В. Затем — волю. Поскольку товары не умеют ходить и не попадают на рынок по собственной воле, сами собой, их «хранители» и «обладатели» притворяются, будто живут в этих вещах. Их «воля» начинает «обитать» (hausen) в товарах. Различие между «обитать» (habiter) и «наваждать», «навязчиво преследовать» (hanter) становится здесь почти неуловимой. Личность, в конечном счете, обретает индивидуальность, лишь оказываясь во власти того самого наваждения, которое вначале она порождает, если так можно выразиться, — объективно, обитая в вещи. Наделяя вещь призрачностью, поселяя в ней, словно жильцов, свою речь и волю, личность (хранитель или обладатель вещи), в итоге сама захватывается наваждением, которое ее конститутирует. Начало рассуждения о «процессе обмена», представленного в «Капитале», напоминает разговор о призраках — и о том, как эти появления следует мыслить:
«Товары не могут идти на рынок сами, они не могут обмениваться сами собой […] необходимо, чтобы хранители товаров вели себя по отношению друг к другу как люди, чья воля (Willen) обитает (haust) в этих вещах: чтобы получалось так, что каждый, отчуждая собственный товар, присваивал товар другого, только согласуясь с его волей, стало быть, посредством волевого акта, общего для обоих[151]».
Отсюда Маркс выводит целую теорию юридической формы договора, клятвы, контракта и «экономических масок», которыми прикрываются личности, чья функция сводится к тому, чтобы «персонифицировать экономические отношения» (ibid.).
Это описание фантазмопоэтического, или фантасмагорического процесса позволит перейти к рассуждению о фетишизме, проводя аналогию между ним и религиозным миром[152]».
Но прежде чем к этому подойти, сделаем несколько шагов назад и сформулируем несколько вопросов. По крайней мере, два.

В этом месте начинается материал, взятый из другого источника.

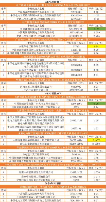 近日,中廣核、大唐、龍?jiān)措娏?、三峽、華潤、華能等企業(yè)共計(jì)約1GW的光伏電站EPC項(xiàng)目相繼公示了中標(biāo)候選人。其中,包含組件、逆變器等關(guān)鍵設(shè)備的大EPC項(xiàng)目385MW,不含組件、逆變器等關(guān)鍵設(shè)備的小EPC項(xiàng)目約為602MW,大部分為光伏復(fù)合項(xiàng)目。此外還包含部分分布式項(xiàng)目EPC中標(biāo)情況??傮w來看,盡管組件價(jià)格不斷上漲,但與春節(jié)前相比(點(diǎn)擊查看《2021年1.7GW光伏EPC項(xiàng)目中標(biāo)價(jià)格一覽》,此次EPC的報(bào)價(jià)卻有走低的趨勢。

Во–первых: если объектом анализа «Капитала» здесь является мистификация не только товарной формы, но и социальных связей, того, как из–за замутненной рефлексии они, в итоге, тоже обретают призрачность, то как, в таком случае, следует понимать (опять–таки, ретроспективно) эту оскорбительную иронию Маркса по отношению к Штирнеру, когда тот осмелился говорить о становлении–призраком самого человека, о превращении его в призрак для самого себя? Когда он говорит о человеке, страшащемся собственного призрака, о страхе, лежащем в основе того представления, которое человек сформировал о самом себе, а значит, и обо всей истории человека? О всем этом страхе самого себя, который формировал человека, внушавшего себе страх, который его же его и вдохновлял? Чья история — это история скорби и история работы скорби, скорби по себе самому, по трауру, который он носит, по неотъемлемому, собственно человеческому И когда Маркс описывает призрачное превращение деревянного стола, говорит о призраке, который производит призраков, порождает их из своей головы в своей голове, вне ее в ней, исходя из нее самой, то, спрашивается, в чем состоит тот рефлексивный акт, который позволяет ему теперь воспроизвести буквальный язык Штирнера, тот язык, что он сам цитировал в «Немецкой идеологии», обратив его, по сути, против автора этого языка, т. е. против обвинителя, который оказался тогда обвиненным по главному пункту обвинения, выдвинутому им самим («Обнаружив перед собой мир, каковой является всего лишь миром его «галлюцинаций» (Fieberphantasien), мир призраков (als Gespensterwelt), подросток на стр. 20, находящийся во власти бреда, видит «существа, рождающиеся из его собственной головы (eignen Geburten seines Kopfs)», выходящие из его головы и в ней же остающиеся[153]»?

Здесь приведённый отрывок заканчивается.